The car behind the FedEx van hooted again and the delivery man said, Where do you want it, and without listening to William saying, I don’t want it at all, he hauled the thing up the steps and over the doorstep. Not a coffin, a trunk. It was too bulky for one man, and against his better judgement, Mr Joyce found himself helping. The trunk blocked the narrow hallway and bumped against Mrs Joyce’s framed tapestries: no one could pass either side. William panicked about her not being able to get in, panicked at the sight of it, so he and the angry delivery man hauled it upstairs and put it in the room on the left of the landing, which was Angel’s old room. The house was deceptive from the outside, looked small, but expanded like a TARDIS into many rooms leading off from narrow spaces on three floors. The trunk was more like a wardrobe, heavy but feeling lighter than Angel had been when they hauled her down on a stretcher – but somehow still similar. It was as if she was being delivered back in a container, still dead.
Then the FedEx man said there was another couple of items. William was too stunned to reply and one way or another he dragged two, less heavy material-coated wardrobe bags upstairs as well. They seemed to fill the room. By this time, William was angry and breathless. He slammed the front door behind the man and listened as the van roared off up the street towards the sea, in the general direction of where his wife would be sitting in a bus shelter instead of being at the door and telling them where to put it. William was trembling with rage.
Delivery for Ms Joyce
, meaning the one left alive. Hen, no doubt, interfering again, getting rid of the last of Angel’s things, sending stuff back, blocking up Angel’s room trying to shock them, was that it? He put on his anorak emblazoned with his own logo, ‘WJ Storage’, and went out to fetch his wife, as angry as he had ever been. She would be in that bus shelter at the other end, the one where he and she had their best conversations, ever since their first courtship there, forty years ago. There was nowhere else to go then, except the back seat of his Dad’s borrowed car. Hen didn’t know that.

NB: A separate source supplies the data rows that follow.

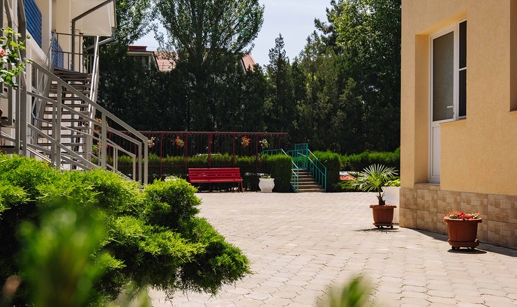 Гостевой дом расположен на ухоженной территории площадью 1300 кв.м. и состоит из двух корпусов - 2 и 4 этажа. Гости могут выбрать из стандартных однокомнатных и двухкомнатных номеров, оборудованных санузлом, сплит-системой и балконом. Номера оборудованы бытовой техникой - холодильник, телевизор, фен, электрочайник.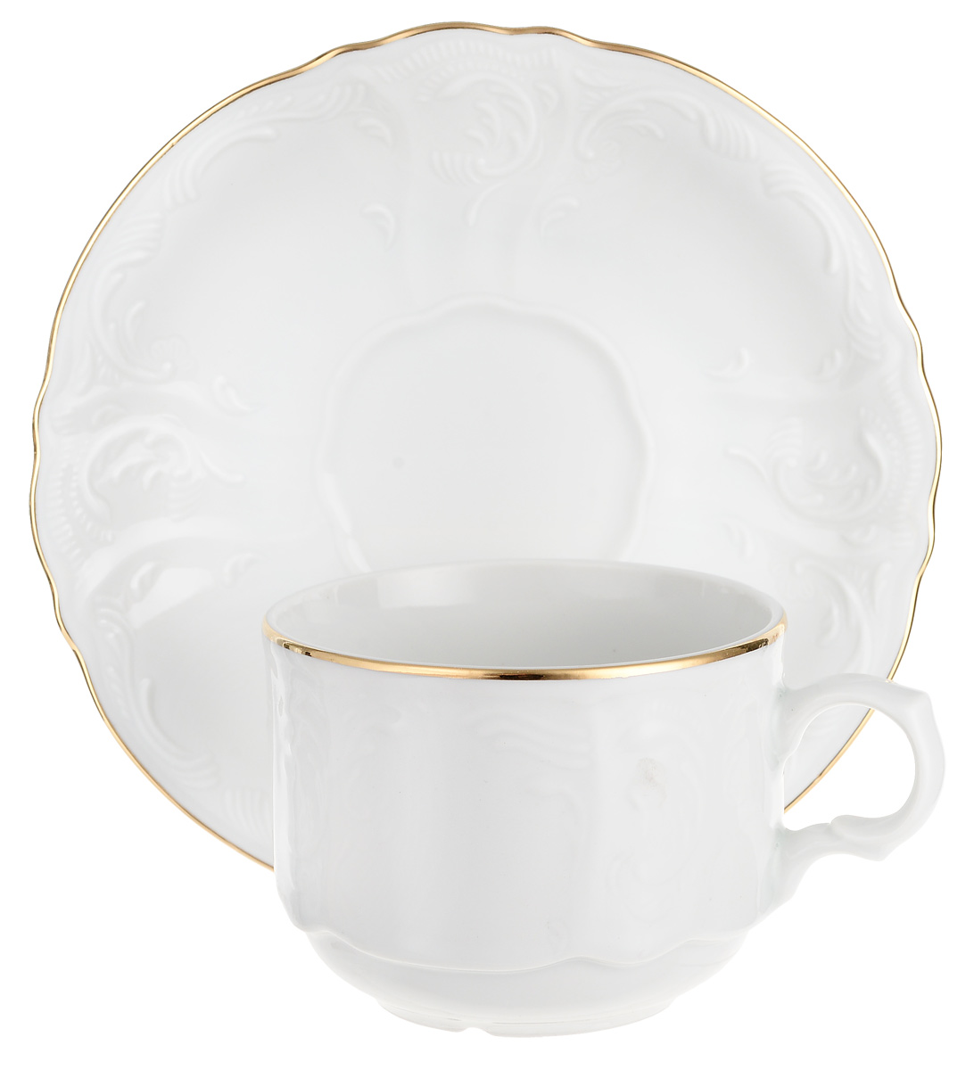 Чашка 240 мл с блюдцем 150 мм низкая Bernadotte, декор отводка золото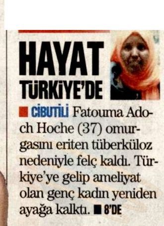 Aylar sonra ayağa kalkan Fatouma Adoch Hoche ise duygularını şu sözlerle ifade etti: “Hastaneye geldiğimde yatalaktım, Tüberküloz hastalığım vardı ve belim kırılmıştı. Kızımın tedavisi için geldiğim İstanbul'da ben de şifa buldum. Bugün sağlık durumum çok iyi, kendim yürüyebiliyorum ve mutluluğum tarif edilemez. Şifa Allah’tan ama buradaki hocalarımız bana karşı çok ilgili ve profesyonellerdi.”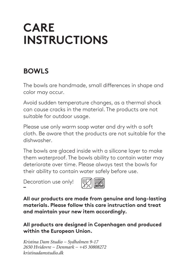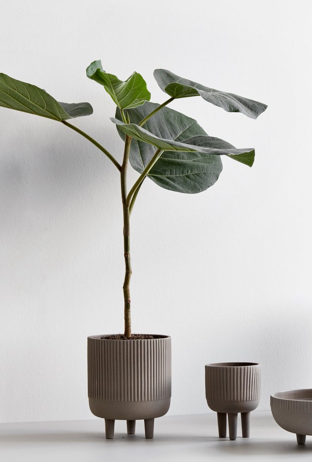 The three legged bowl from Kristina Dam Studio is an eye-catching piece. All bowls in the assortment are made from terracotta with a grey slip (engobe) and the interior is glazed and water resistant. The exterior of the bowl features a textured band, impressed into the clay.

Right, who am I? He asked himself on the way. Will Joyce, likely lad, married young, soon after that looking for a business opportunity and a family. What did he get? A business, a marriage that wouldn’t produce babies, and a wife he would love for ever and ever. And there was Hen, making a point, blocking up Angel’s room. She must have meant it; she wanted to take over that room as if Angel had never been there, remind them of her own existence, show her resentment about not being needed, teach them something. He stood on the seafront, with the wind howling around him, and phoned her number on the mobile phone he hated. Heard her whispering and saying, Dad? Is that you, and him shouting back, come down and get all that crap out of here, and her saying, Can I call you back, as if it was nothing important and she hadn’t done that to them, had all that shit delivered to take up Angel’s room, how could she?